The Regulatory Concern

Meridian's compliance team reviewed the model and flagged two issues:

Instability under distribution shift. When the model was evaluated on a holdout from a different time period (6 months later, with slightly different economic conditions), the AUC dropped from 0.795 to 0.741. The logistic regression model dropped from 0.760 to 0.752 — far more stable.
Explainability failure. Under FCRA, denied applicants must receive an "adverse action notice" explaining which factors most negatively influenced the decision. With opposing large weights on correlated features, the feature attribution is contradictory — "high credit utilization" might appear as a positive factor for one applicant and a negative factor for another with nearly identical profiles, depending on minor differences in the correlated features.

def stability_test(
    model: nn.Module,
    X_test: np.ndarray,
    noise_std: float = 0.1,
    n_trials: int = 100,
    device: str = "cpu",
) -> Dict[str, float]:
    """Test prediction stability under small input perturbations.

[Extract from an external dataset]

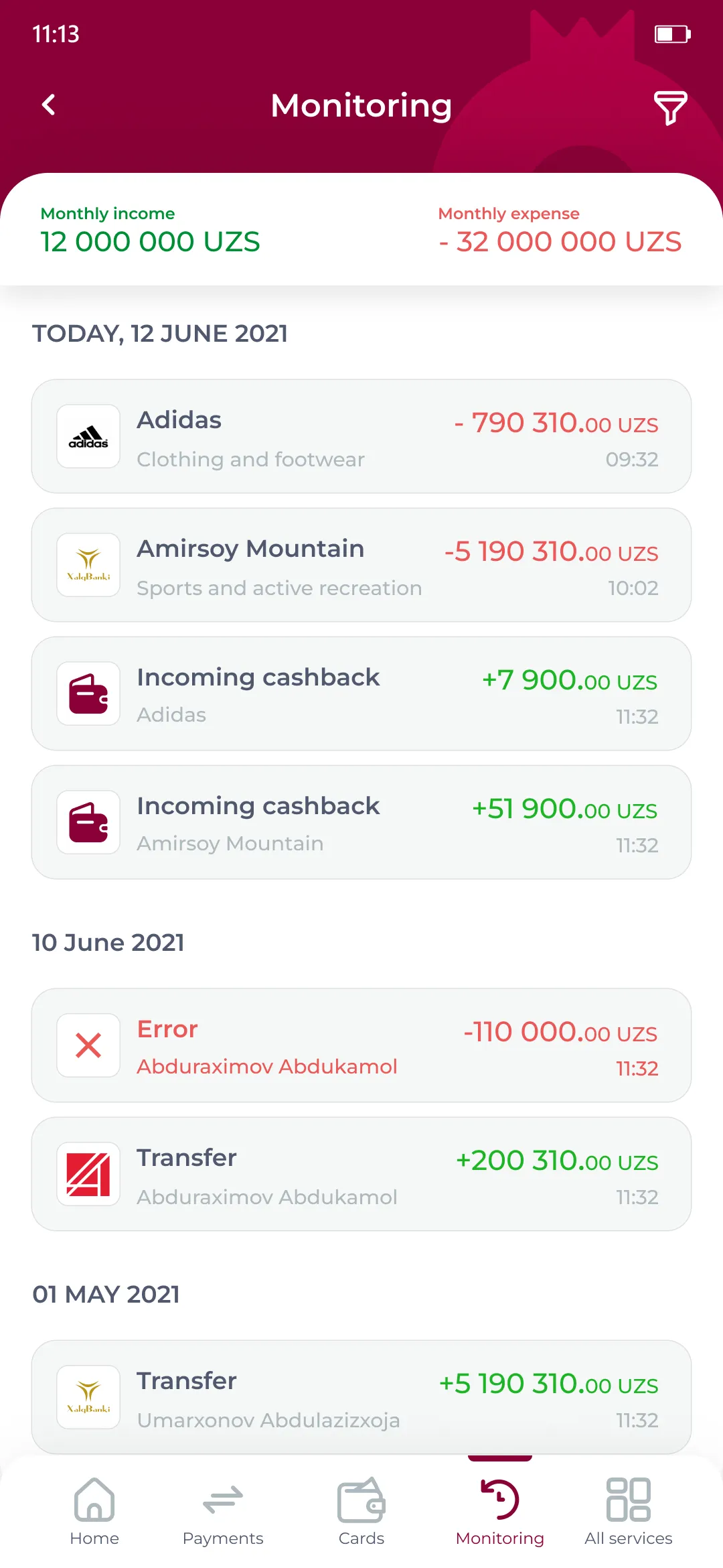 The report is automatically sent to the mobile application or online banking via PUSH notification. You can also see all the payments made via mobile application or online banking.

    Adds Gaussian noise to correlated features and measures
    the standard deviation of output predictions.

    Args:
        model: Trained model.
        X_test: Test features.
        noise_std: Standard deviation of noise.
        n_trials: Number of noise trials.
        device: Computation device.

    Returns:
        Dict with stability metrics.
    """
    model.eval()
    X_tensor = torch.tensor(X_test, dtype=torch.float32).to(device)

    with torch.no_grad():
        base_pred = torch.sigmoid(model(X_tensor)).cpu().numpy().flatten()

    perturbed_preds = []
    for _ in range(n_trials):
        X_noisy = X_test.copy()
        # Perturb only the first group (correlated features)
        X_noisy[:, :5] += np.random.randn(len(X_test), 5) * noise_std
        X_noisy_tensor = torch.tensor(X_noisy, dtype=torch.float32).to(device)
        with torch.no_grad():
            pred = torch.sigmoid(model(X_noisy_tensor)).cpu().numpy().flatten()
        perturbed_preds.append(pred)

    perturbed_preds = np.array(perturbed_preds)  # (n_trials, n_samples)
    pred_std = perturbed_preds.std(axis=0)

    return {
        "mean_pred_std": pred_std.mean(),
        "max_pred_std": pred_std.max(),
        "pct_unstable": (pred_std > 0.05).mean() * 100,  # >5% std
    }

The Solution: Decoupled Weight Decay

The team trained three regularized variants:

# Model A: L2 regularization via Adam
model_l2 = CreditMLP(input_dim=25, hidden_dims=[64, 32], dropout_rate=0.2, use_bn=True)
optimizer_l2 = optim.Adam(model_l2.parameters(), lr=1e-3, weight_decay=1e-4)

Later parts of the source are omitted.